Чтобы вернуть душевное спокойствие, налил себе изрядную дозу коньяка, разделался с ней в темноте и закурил – слава богу, с этим никаких проблем не возникало: Пашка сам дымил, как старинный паровоз, повсюду в хоромах стояли пепельницы…

Неожиданно послышалась тихая музыка, постепенно она становилась громче, но так и не дошла до рубежа, на котором превратилась бы в терзающую уши какофонию. Некая смесь булькающе-томных турецких мелодий и современных электронных ухищрений. Приятная, в общем. Столь же внезапно налились светом прожекторы, бросая на эстраду разноцветные лучики, понемногу залив ее ярким сиянием, смешением причудливых радужных теней, скольжением невесомых геометрических фигур – круги плавно превращались в овалы, овалы – в звезды, в волнообразные линии, загадочные переплетения. Цвет постепенно менялся, под потолком пришел в движение зеркальный шар. Денег и высококлассной электроники во все это было, надо полагать, вбухано немало…

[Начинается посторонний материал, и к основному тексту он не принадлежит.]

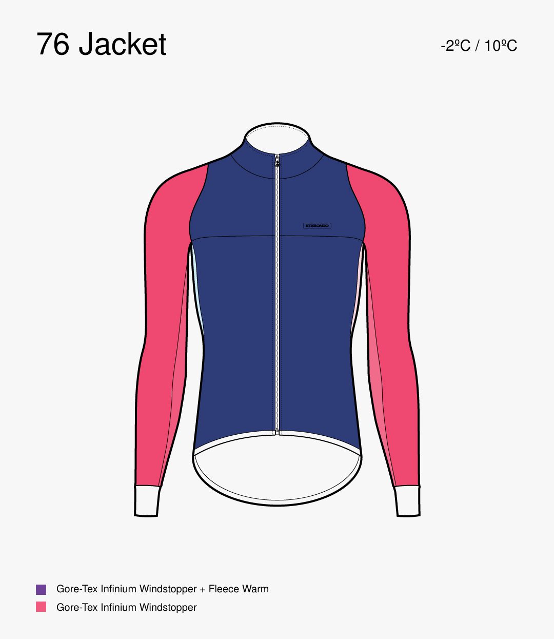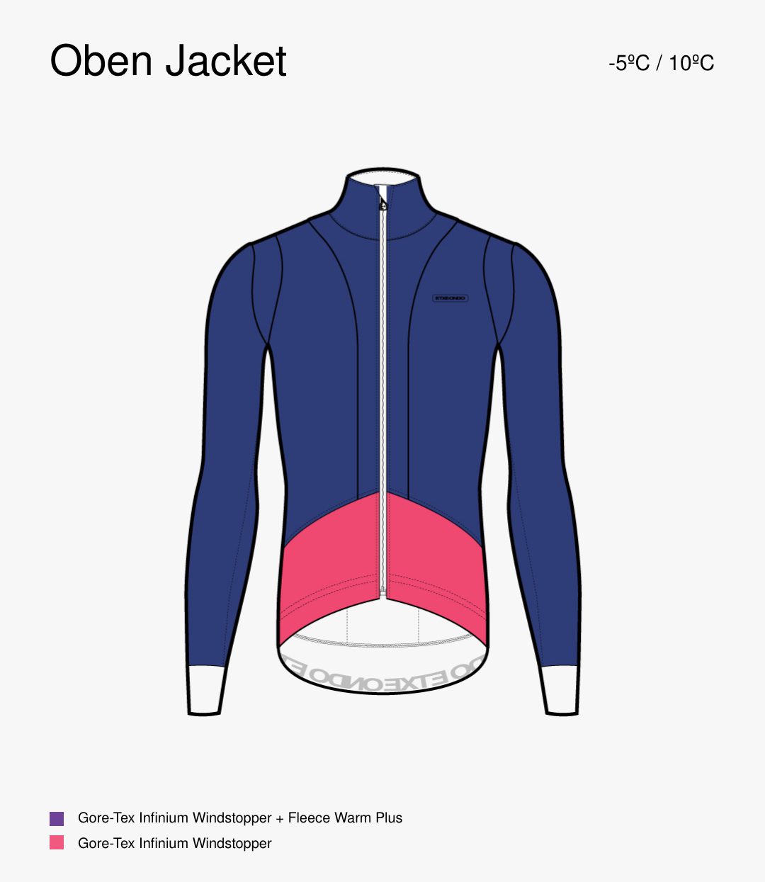The Oben is Etxeondo´s most suitable jacket for riding in the coldest conditions. It is designed to work from -5ºC through to a maximum of 10ºC. A combination of Gore-Tex Infinium Windstopper fabric throughout, with a Fleece Warm Plus lining on the chest, back and arms guarantees warmth in the harshest conditions. Infinium shuts out the wind; Fleece Warm Plus generates small pockets of warm air that isolate us from the cold.

Но выглядело, нельзя не согласиться, чертовски красиво. Петр засмотрелся с сигаретой у рта.

– Сегодня мы открываем нашу программу полюбившимся публике номером «Лас-Вегас»… – промурлыкал на фоне музыки из невидимых динамиков голосок Марианны.

Катя появилась на эстраде столь же неожиданно, выскользнув из низенькой дверцы.

Вот тут-то у него по-настоящему сперло в зобу дыханье. На ней красовался кружевной халат до пят, просторный, белый, в разноцветных лучиках прожекторов, ставших подобием рентгена, не скрывавший черного затейливого белья и алых колготок с замысловатым узором. Обычно она пользовалась косметикой умело и ни капельки не вульгарно, так что казалось, будто никакого макияжа и нет вовсе, а сейчас была накрашена с удручающей обильностью, словно недалекая провинциалочка, впервые в жизни попавшая в столичную дискотеку и посчитавшая потому нужным нанести на мордашку полкило грима. Как ни странно, от этого она казалась еще красивее и моложе.

Петр сидел с отвисшей челюстью – чего в залитым мраком «зрительном зале» никто, к счастью, не мог бы узреть. Да и не было других зрителей.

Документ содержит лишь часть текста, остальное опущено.